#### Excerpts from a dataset
□ □ □ □

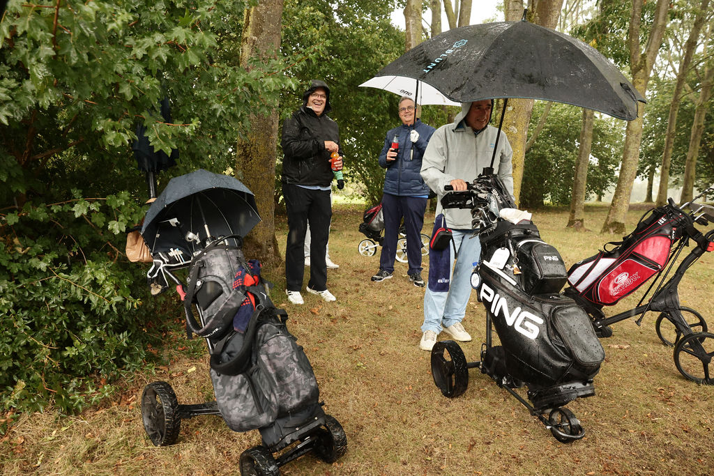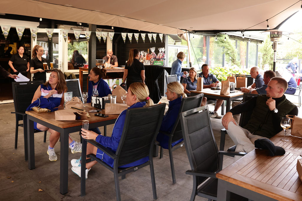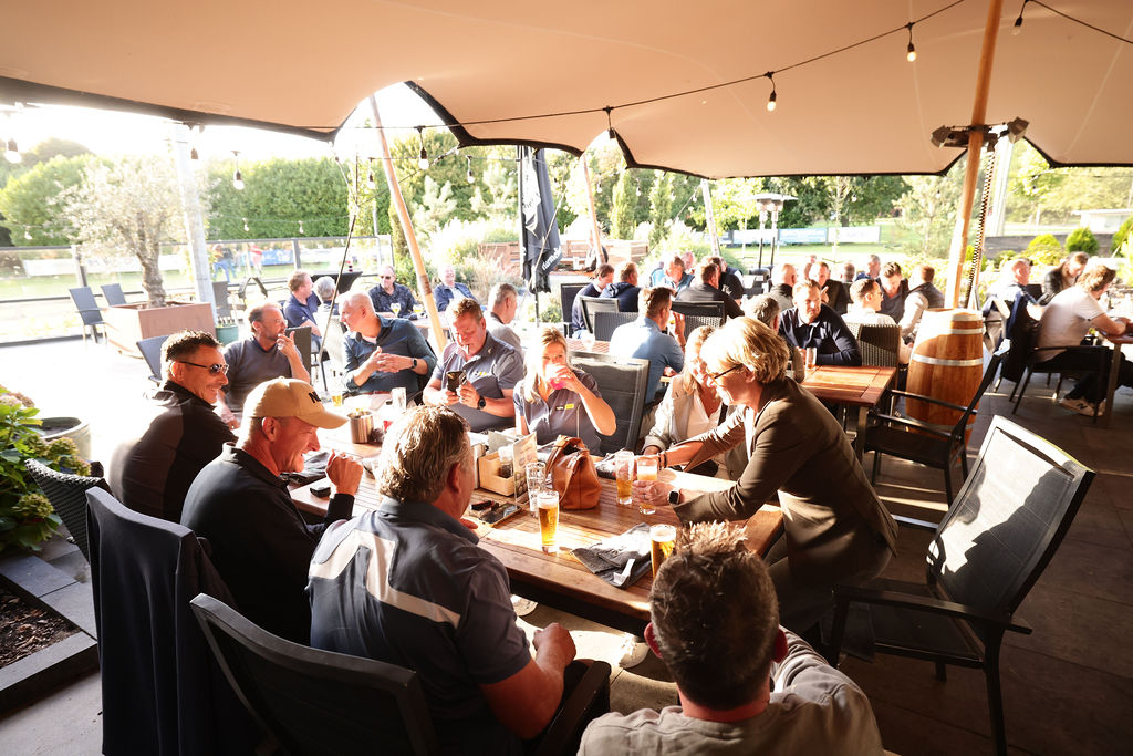 Tijdens het golfen kregen helaas meerdere deelnemers een nat pak door twee buien, maar gelukkig klaarde het daarna op en konden we de dag afsluiten met zonnestralen én een topsfeer. De gezelligheid op en naast de baan maakte het toernooi weer tot een groot succes.
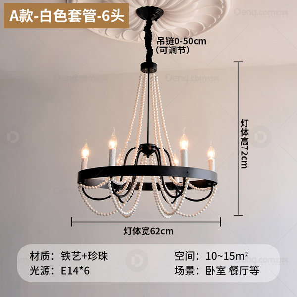 晶斯朗铁艺书房/卧室喷漆磨砂法式吊灯 头数:6头 型号:81175-6A款白色
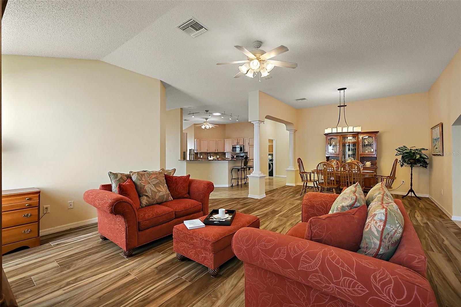 Bem -vindo a esta encantadora Camellia expandida 3/2 no coração da vila de Bonnybrook. Com pouco mais de 2.200 pés quadrados, esta casa possui uma sala de 20x17 da Flórida, sem carpete, bancadas de granito, painéis solares para economia mensal de energia e muito, muito mais! Novo telhado (2021)! A poucos minutos de pontos populares como Lake Sumter Landings, Spanish Springs Town Square e Brownwood Paddock Square, esta casa o coloca no coração de tudo. Ao chegar à casa, você é recebido por uma garagem de pavimentação, camas de paisagismo empilhadas cheias de plantas exuberantes da Flórida e uma porta da frente com uma inserção de vidro personalizada e uma luz lateral, criando um apelo quente e acolhedor. Ao entrar na casa, observe os tetos altos, acabamentos personalizados e piso plano aberto. As salas de estar e jantar oferecem o espaço perfeito para entretenimento, com fácil acesso à sala da Flórida. A cozinha possui um recanto de café da manhã aconchegante e inclui uma barra de café da manhã, bancadas de granito personalizadas e backsplash, utensílios de aço inoxidável, alcance de gás, despensa, prateleiras de retirada, iluminação de gabinete e um tubo solar para a luz natural adicional. Entre na espaçosa sala de 20x17 da Flórida, com uma entrada em arco, ventiladores de teto duplo, uma mesa embutida com bancadas em granito, uma porta que leva ao quintal e uma porta de vidro deslizante que se abre para o pátio. A suíte primária oferece dois armários, tetos com pico e um banho privativo em suíte. Um arco elegante leva ao suíte EN, que inclui vaidades divididas com bancadas de granito estendidas, um chuveiro com porta de vidro de 3/8 ", piso de rocha do rio, banco de canto, paredes de azulejos e pulverizadores de chuveiro atualizados. Rellower de um banheiro e a banheira é ideal para um gabinete em casa. Tornando-o com os visitantes. Bonnybrook, perto de várias comodidades locais, incluindo a piscina de Bonnybrook, a piscina de Ashland, as quadras de tênis da Churchill Street e os centros de recreação, a piscina de Lynnhaven, o Pimlico Recreation Center, o Winifred Rec Area e o Summets Pool de Summets. (5,5 milhas) e Brownwood Paddock Square (6,8 milhas), tornando -o um local super central e conveniente.
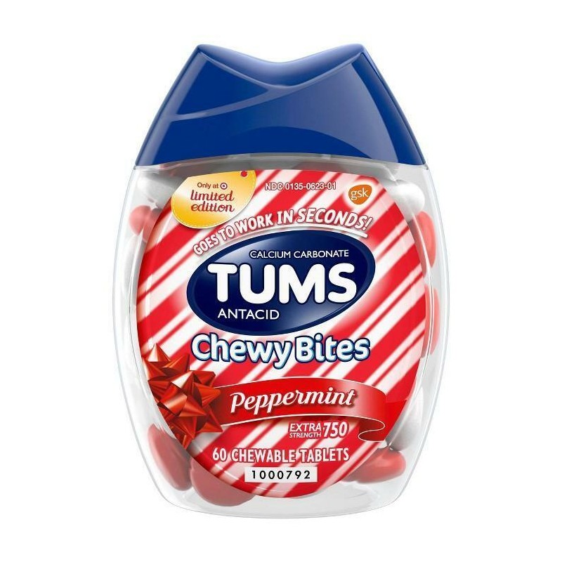 - TUMS Chewy Bites Peppermint antacids offer fast acting, extra strength heartburn relief so you can enjoy all of your favorite foods
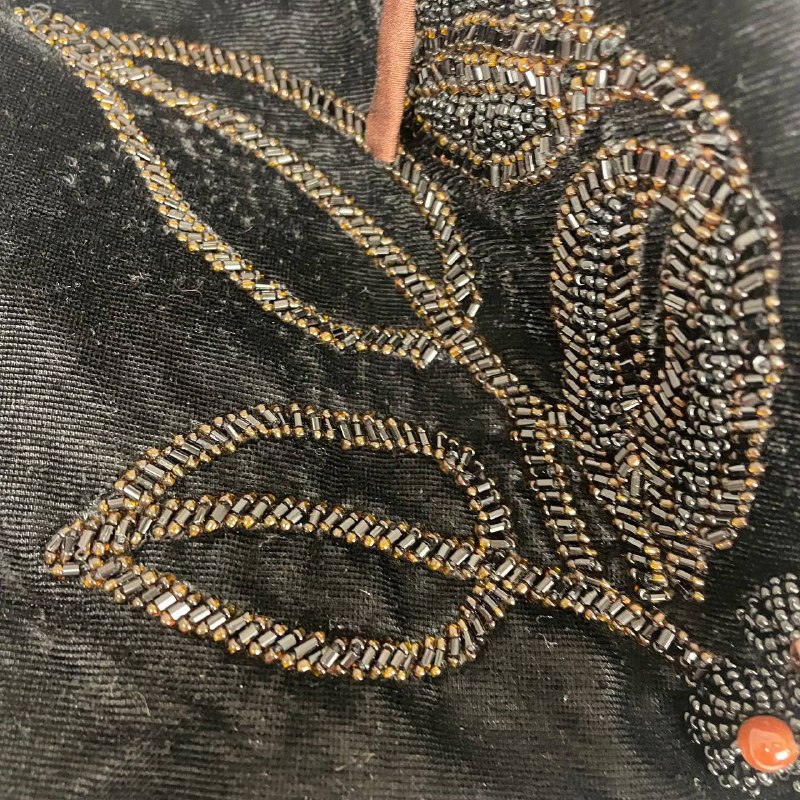 Велюровая винтажная сумочка с ручной вышивкой бисером и натуральными камнями.
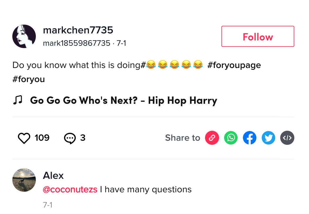 I’m going to guess it’s a Chinese eStore though. It’s still sort of novel in the US, but in China, TikTok-like short-form video apps have already essentially replaced physical stores. Both TikTok accounts associated with the Sarahwang0725 email started earlier this year and from what I can tell, the incredibly surreal videos are just a way to advertise the shoes. Here's a really good interaction I found in the comments of a video where a person wraps their toes in tinfoil and a big banana leaf and then puts on a running shoe:
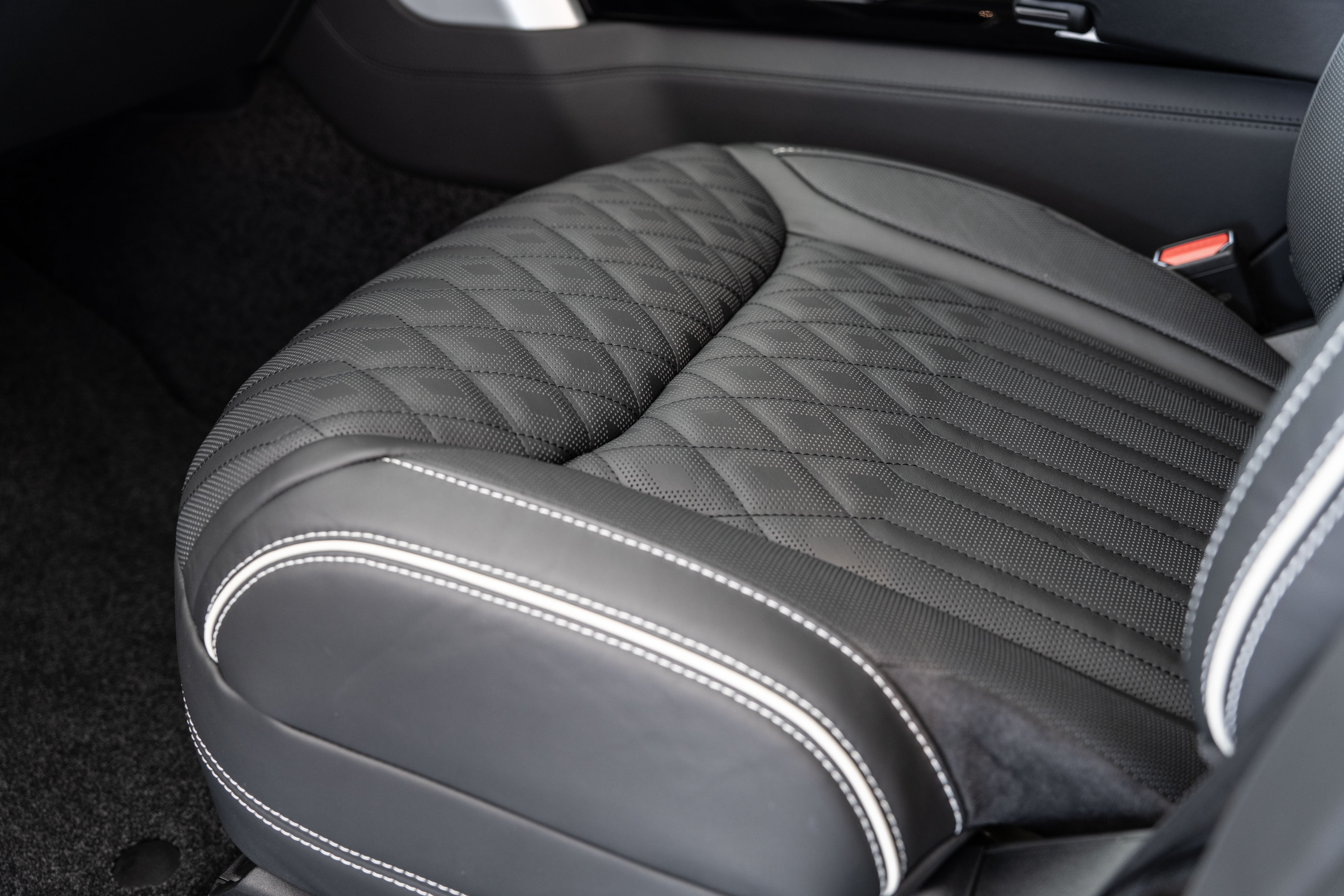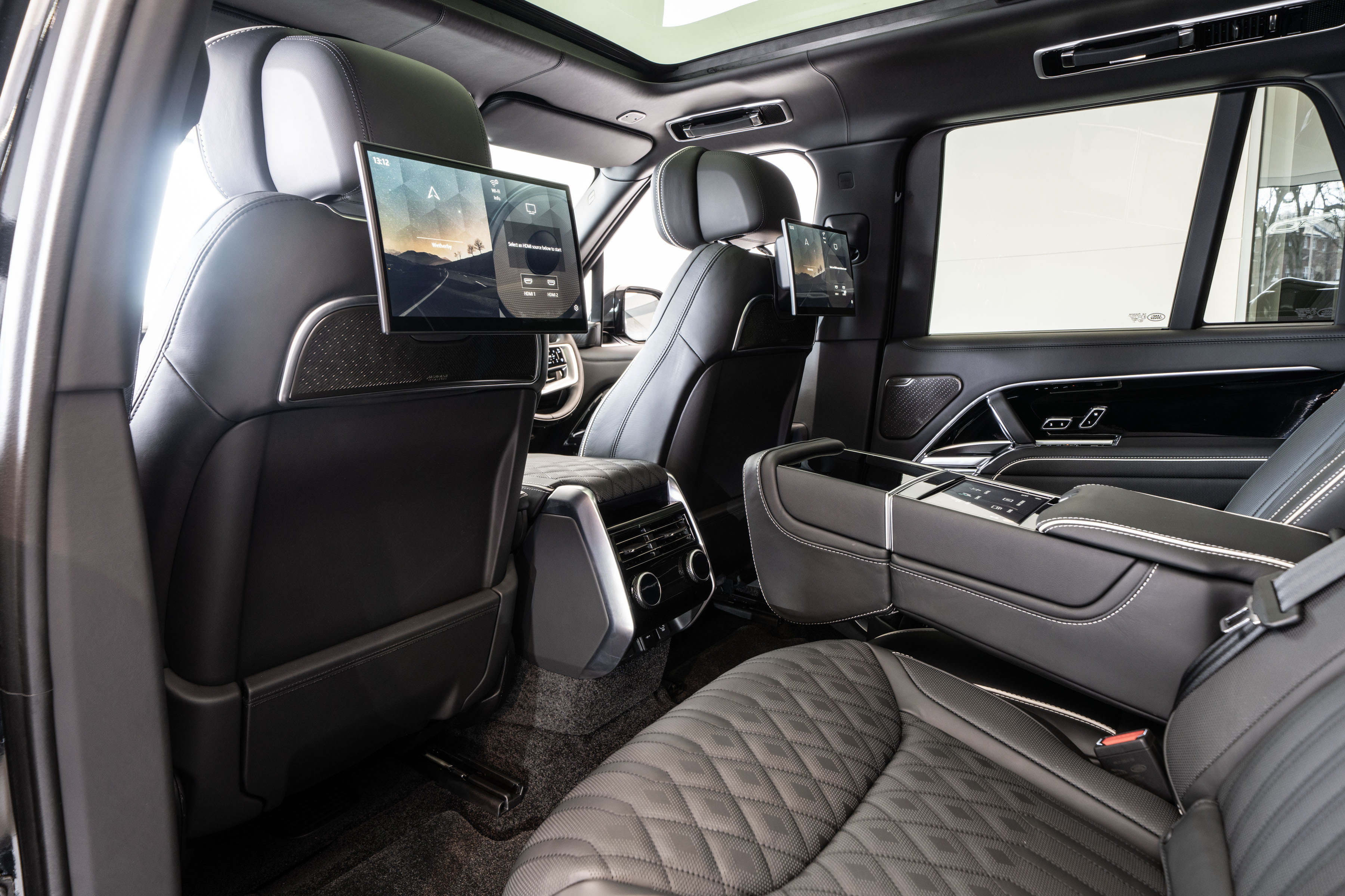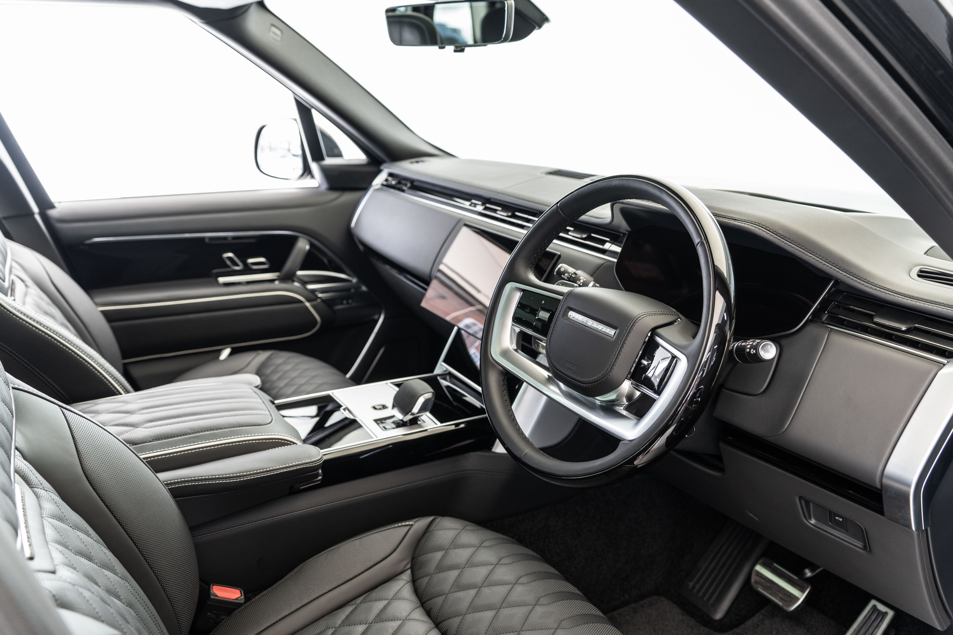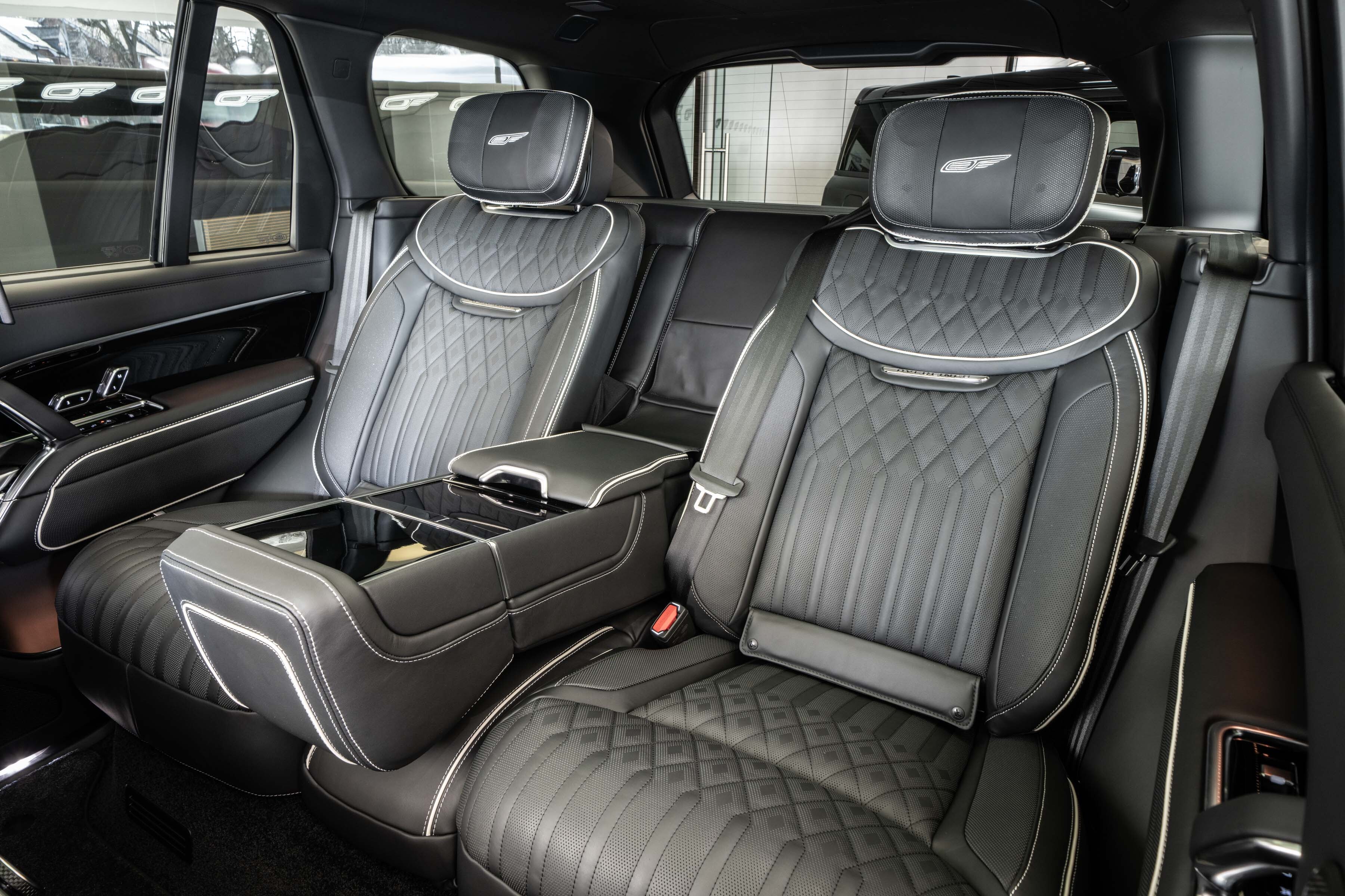 Overfinch Aurora Diamond Quilted Leather Interior is Hand-trimmed in Ebony with Contrasting Perlino Details

□ □ □ □

#### BRIEF
Above are the records. Copy exactly, and only, the lines from the line containing "I’m going to" through the last one, omitting any pictures.

#### YOUR RESPONSE
 I’m going to guess it’s a Chinese eStore though. It’s still sort of novel in the US, but in China, TikTok-like short-form video apps have already essentially replaced physical stores. Both TikTok accounts associated with the Sarahwang0725 email started earlier this year and from what I can tell, the incredibly surreal videos are just a way to advertise the shoes. Here's a really good interaction I found in the comments of a video where a person wraps their toes in tinfoil and a big banana leaf and then puts on a running shoe:
 Overfinch Aurora Diamond Quilted Leather Interior is Hand-trimmed in Ebony with Contrasting Perlino Details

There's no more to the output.